Pois bem, expliquem-me lá qual é a necessidade de usar o equipamento alternativo. E se havia essa necessidade porque é que não foi a equipa da casa a mudar?

O mais engraçado é que com tanta preocupação em alterar as cores tradicionais, a equipa sadina conseguiu ir a jogo com um guarda redes equipado com cores que se confundiam com as camisolas do Benfica. Dizem-me que na televisão ainda era mais evidente do que no estádio. Tanto assim foi que Cristiano na 2ª parte aparece equipado de... amarelo!

Eu sei que sou um chato do caraças com estes pormenores, mas também gostava de saber o que aconteceu às quinas de campeão nacional nas mangas das camisolas do clube campeão? Não era costume na Taça de Portugal o "ovo" da Liga desaparecer para dar lugar às quinas de campeão numa manga? Agora, só vejo lá outro "ovo", o da Taça de Portugal, presumo que seja devido ao Benfica ser o actual vencedor do troféu.

Mistérios do futebol português que não interessam a ninguém mas que eu gostava muito de saber as respostas.

 

 

 

Para entrarmos no jogo mais uma curiosidade, o Vitória F.C. de José Couceiro não perdeu a oportunidade de trocar o campo obrigando o Benfica a jogar para sul na primeira parte. Fica registado.

 

Depois de uma paragem para as selecções definirem as suas posições no próximo mundial, a competição regressou a Portugal. A 4ª eliminatória da Taça de Portugal, 2ª para estas duas equipas, foi disputada na Luz e resultou no apuramento do Benfica para a próxima ronda.

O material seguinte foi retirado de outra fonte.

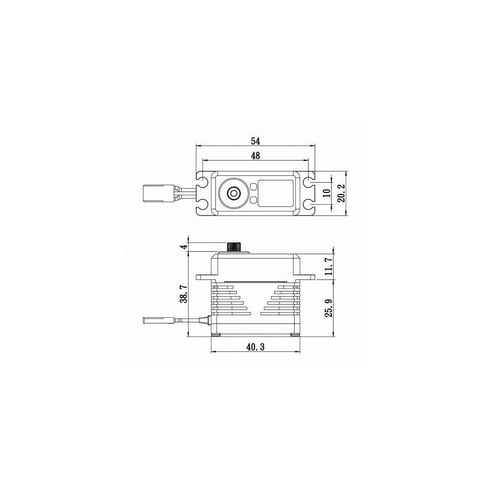Digitální HiVolt standard servo s Brushless (střídavým) motorem a kovovými převody, 3x kuličkové ložisko, 45,0/55.0/70kg při 6,0/7,4/8,4V a 0,16/0,13/0,11s na 6,0/7,4/8,4V, váha 81,0g, 40,3x20,2x38,7mm. Provozní napětí 4,8 - 8,4V.
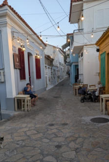 Der Abwechslung halber fahren wir Abends mit den Scootern in eine Taverne nach Karlovasi, die nur von

Curiosamente, foi a Taça de Portugal a abrir um novo ciclo positivo para o Benfica nas competições internas. Desde o desafio no Algarve com o Olhanense que a equipa de Rui Vitória só soma triunfos. Foi ao norte bater o Aves e o Vitória de Guimarães, ganhou ao Feirense em casa e agora confirmou o ciclo positivo com mais uma vitória. O próximo desafio interno é uma repetição do encontro de hoje mas a contar para o campeonato e será bem diferente do que vimos hoje.

 

O Benfica apresentou duas ideias fortes para esta partida, a manutenção na aposta do 4-3-3 que deu bons sinais em Guimarães e uma janela de oportunidade para vários jogadores menos utilizados. Ao que se acrescenta mais uma estreia de um miúdo trabalhado no Seixal, o norte americano Keaton Parks que até fica bem ligado ao jogo por acção sua no 2º golo da equipa.

 

Portanto, o desenho táctico manteve-se, as individualidades mudaram. Varela regressou à baliza, curiosamente bem menos ansioso do que no começo da época, Douglas na direita, Grimaldo na esquerda, Luisão e Jardel no meio, isto na defesa.

No meio campo, Samaris, Pizzi e Krovinovic, nas alas Cervi e Rafa, na frente Jonas.

O Benfica venceu o jogo mas voltou a demonstrar uma atracção pelo perigo algo incompreensível, isto porque chega ao 1-0 de maneira natural. Após muita posse de bola, vários ataques, pressão alta, velocidade e oportunidades de perigo até chegar o golo. Um original canto batido por Pizzi com a bola rasteira que vai até Cervi, o argentino agradece e remata convictamente para golo.

Antes de Pizzi bater o canto, o capitão do Vitória, Nuno Pinto, não tirou uma bola do relvado que estava ao seu lado a atrasar a continuação do jogo. Irritou Pizzi e a bancada. Acabou por sofrer golo. O futebol por vezes bate tão certo.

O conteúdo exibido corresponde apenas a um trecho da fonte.